I'm still getting my feet wet with Wagner and, to be honest, opera in general, but I like enough of what I've heard to dive in. What I'm most interested in hearing at this stage are renditions as close as possible to what Wagner would have intended. At first, I thought this sort of thing would be really subjective and, you know, _who really knows_, but I've read that some conductors would flat out ignore specific directions in the score to make superficial changes; or that some would do well but in a way that doesn't make for _good Wagner conducting_. I figure if this is true then it's possible for the opposite to exist as well.

With that in mind, audio quality is not that big a deal to me if the performance is in line. Stereo or mono doesn't matter. And, as a deadhead/bootleg enthusiast, I have sat through and enjoyed some truly gnarly sounding stuff. I heard samples from a Tristan und Isolde that most apparently find unlistenable and they sounded fine to me.


----------



## Unbennant (May 12, 2013)

My favourite opera (and recording) of Wagner is Solti with Domingo as Lohengrin and Fischer-Dieskau as the Heerrufer. As far as DVDs go, Levine at the MET with Peter Hofmann as Lohengrin.


----------



## SilenceIsGolden (May 5, 2013)

archaicprose said:


> I'm still getting my feet wet with Wagner and, to be honest, opera in general, but I like enough of what I've heard to dive in. What I'm most interested in hearing at this stage are renditions as close as possible to what Wagner would have intended.
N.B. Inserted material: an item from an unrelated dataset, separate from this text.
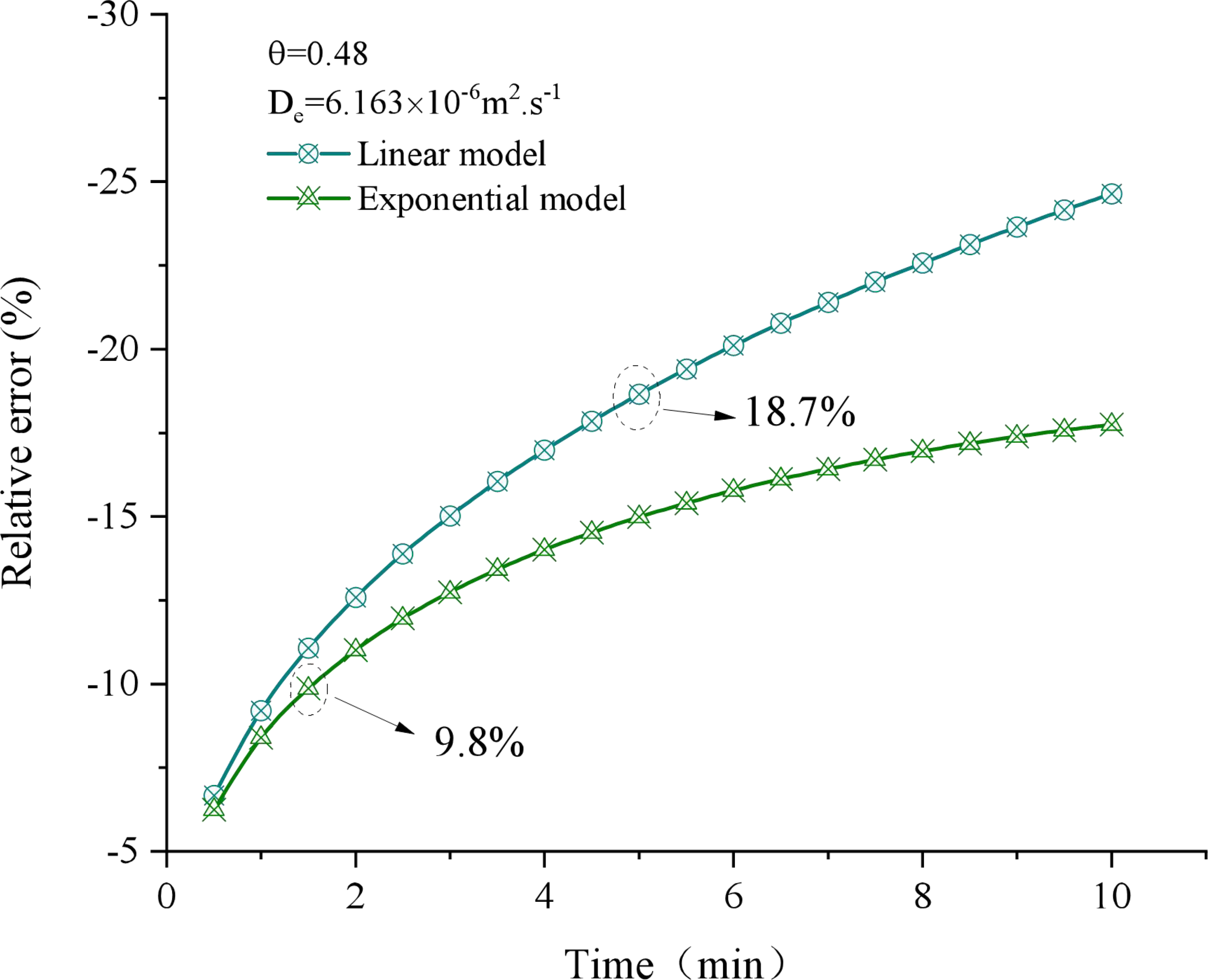 In this study, we investigated the bias in flux calculations in a wind-influenced environment. According to previous studies, near-surface winds enhance soil gas transport; thus, the effective gas diffusion coefficient De (or “apparent diffusion coefficient”) is greater in a windy environment than that in a windless environment. To quantify the enhancement of soil gas transport by near-surface winds, the wind-induced diffusion coefficient Dw was determined by recording the CO2 concentration change rate in the gas chamber after stopping the aeration of the diffusion chamber and allowing the gas to diffuse freely within the chamber. Based on the data in Figure 9, the diffusion chamber flux is 16% greater after being exposed to winds, meaning that near-surface winds enhance soil gas transport and increase gas “apparent diffusion coefficient”. At this point, an error analysis based on the NDFE showed that the error in the flux calculation was positively correlated with both Dw and the monitoring duration (Figure 10). The exponential model yields better estimation results for the same monitoring duration. When gas transport was enhanced by 20% (Dw = 0.2 Ds), the relative error was −15.7% and −20.1% for the exponential and linear models, respectively, for the same monitoring period of 5 min, which significantly underestimated the flux calculation.

At first, I thought this sort of thing would be really subjective and, you know, _who really knows_, but I've read that some conductors would flat out ignore specific directions in the score to make superficial changes; or that some would do well but in a way that doesn't make for _good Wagner conducting_. I figure if this is true then it's possible for the opposite to exist as well.
> 
> With that in mind, audio quality is not that big a deal to me if the performance is in line. Stereo or mono doesn't matter. And, as a deadhead/bootleg enthusiast, I have sat through and enjoyed some truly gnarly sounding stuff. I heard samples from a Tristan und Isolde that most apparently find unlistenable and they sounded fine to me.


----------



## SilenceIsGolden (May 5, 2013)




----------



## ahammel (Oct 10, 2012)

There's a long and detailed discussion of the Wagner DVDs here.


----------



## SilenceIsGolden (May 5, 2013)




----------



## archaicprose (May 14, 2013)

Why these in particular? Solti's Ring (Rheingold) is actually one that I read the complaints about that prompted me to make this topic.
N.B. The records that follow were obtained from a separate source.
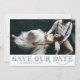 Anuncie su fecha boda con esta foto clásica guardar la tarjeta plana de fecha. Presenta una tipografía azul art deco con un patrón coincidente. Personalice agregando su foto y detalles. Este elegante tema vintage salva el anuncio de fecha es perfecto para bodas temáticos de Gatsby.
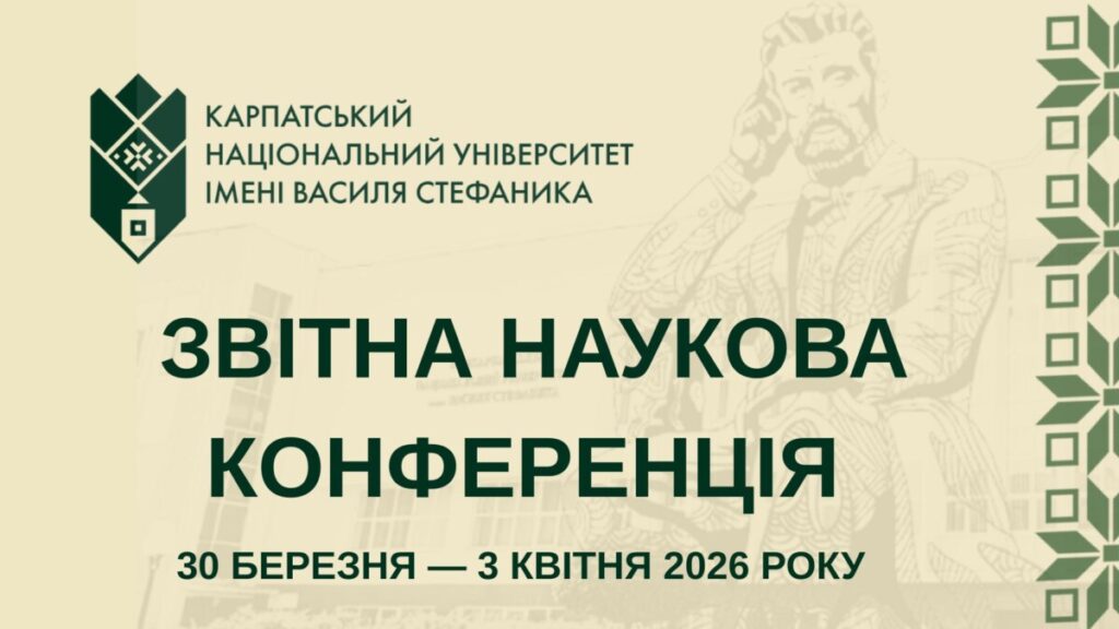30 березня — 3 квітня 2026 року в Карпатському національному університеті імені Василя Стефаника відбудеться звітна наукова конференція викладачів, докторантів, аспірантів та студентів університету за 2025 рік. 30 березня 2026 року о 14:00 (аудиторія 23) відбудеться загальноуніверситетське пленарне засідання. Вступне Читати далі
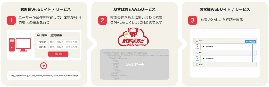 クラウドサービスやWebサイト、スマートフォンアプリなどに経路検索や運賃計算機能、全国の公共交通機関データなどを自由に組み込むことが可能です。
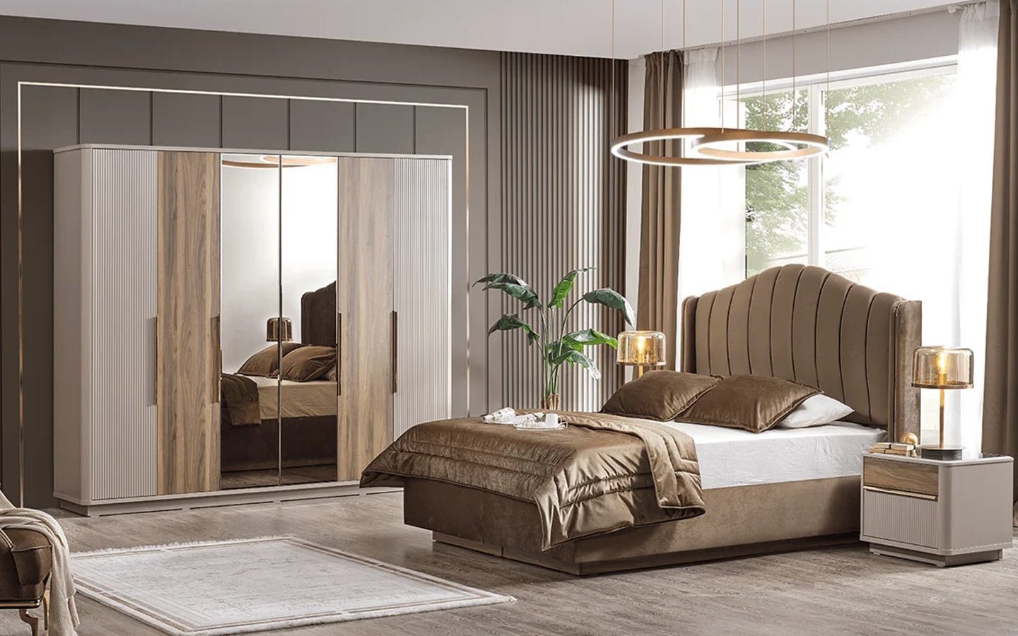 | Takım İçeriği | Yatak Odası takım içeriğinde 1 adet dolap, 1 adet başlıklı karyola, 2 adet komodin bulunmaktadır. |
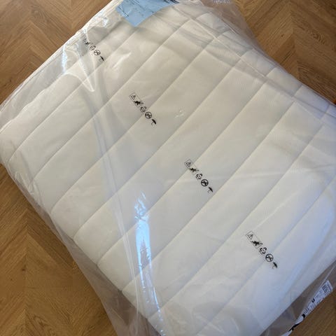 IKEA TUDDAL madras i hvid. Madrassen har quiltet overflade og aftageligt betræk med lynlås, som kan vaskes ifølge vaskeanvisningen på mærket. Velegnet som topmadras eller ekstra madras til seng eller gæsteseng, afhængigt af mål og sengesystem.
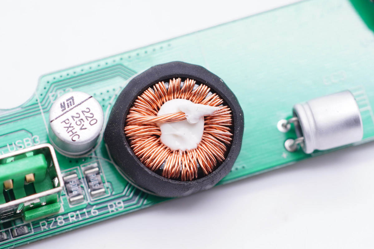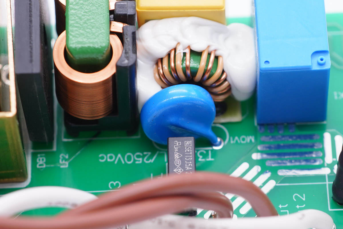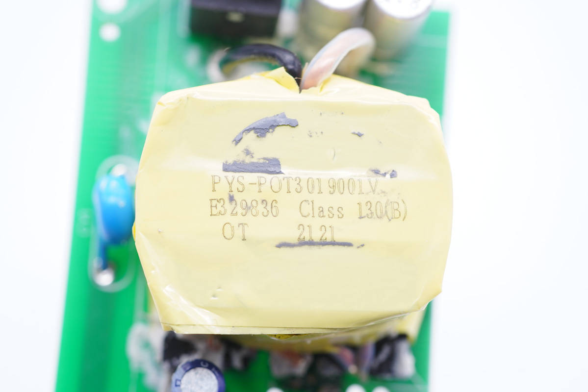 旁邊藍色的是壓敏電阻,中心的共模電感打膠,其左側(cè)還有一顆共模電感,兩級設(shè)計用于濾除EMI干擾。
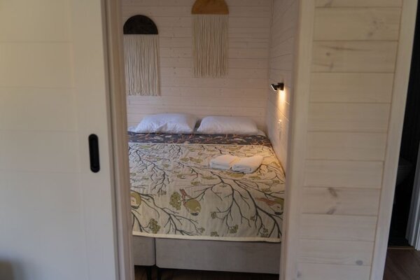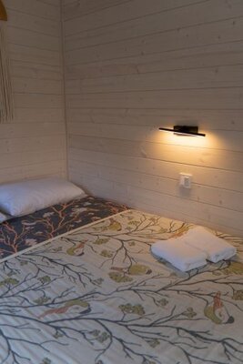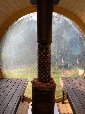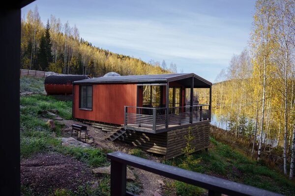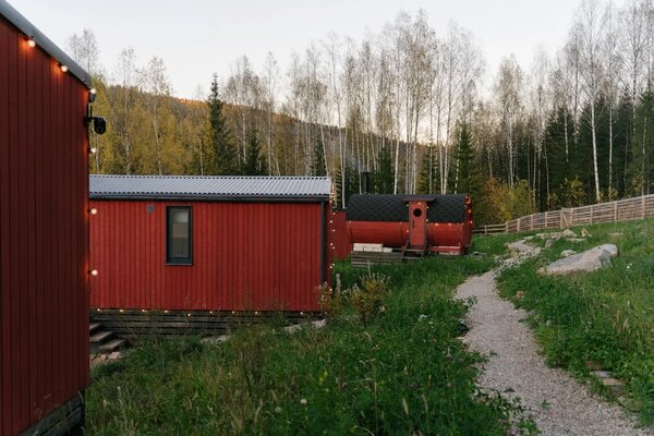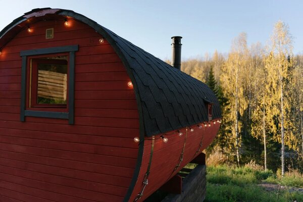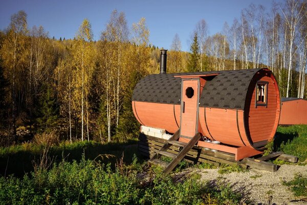 На территории глэмпинга находится уютная баня-бочка с впечатляющим панорамным окном. Здесь гости могут расслабиться и насладиться видами на окружающий лес без ограничения по времени, наслаждаясь паром и гармонией природы.

I'm still looking into these and I've managed to get my hands on a couple of them. The Lohengrin/Kempe I ordered came with two Disc 2s and no Disc 3. I'm slightly bummed about it.



ahammel said:


> There's a long and detailed discussion of the Wagner DVDs here.


Thanks for this, by the way. DVDs are generally a _bit_ out of my price range at the moment but this will definitely come in handy in the future.


----------



## dionisio (Jul 30, 2012)

archaicprose said:


> Why these in particular? Solti's Ring (Rheingold) is actually one that I read the complaints about that prompted me to make this topic.
> 
> I'm still looking into these and I've managed to get my hands on a couple of them. The Lohengrin/Kempe I ordered came with two Disc 2s and no Disc 3. I'm slightly bummed about it.
> 
> Thanks for this, by the way. DVDs are generally a _bit_ out of my price range at the moment but this will definitely come in handy in the future.


Solti's Ring is the first complete recording of the Ring in studio. It's almost cannonical. Every Ring is somehow compared to Solti. I also enjoy Boulez's, Karajan's and Barenboim's. Furtwangler's i've heard only bits and i don't have the album (we can't have everything, right  ). I've seen also, in the internet, Mutti's Die Walkure. Mutti is one of my favourite conductors. His Verdi and Mozart operas are wonderful and i identify myself with Mutti's approach to Wagner.

For Lohegrin, Kempe is the best, in my opinion. All the _tempi_ are right to me, Fischer-Diskau is superb as Jess Thomas too.

For Parsifal: Knappertsbuch and/or Karajan's. Enough said.

Die Meistersinger: Raphael Kubelitz:

http://www.amazon.com/Wagner-Die-Meistersinger-von-Nürnberg/dp/B0000ARNET

Tristan unde Isolde: Karl Bohm's second recording. There's Nilsson, Windgassen and Ludwig. Try to beat that 

http://www.amazon.com/Wagner-Trista...90109&sr=1-1&keywords=tristan+und+isolde+bohm


----------



## SilenceIsGolden (May 5, 2013)

archaicprose said:


> Why these in particular? Solti's Ring (Rheingold) is actually one that I read the complaints about that prompted me to make this topic.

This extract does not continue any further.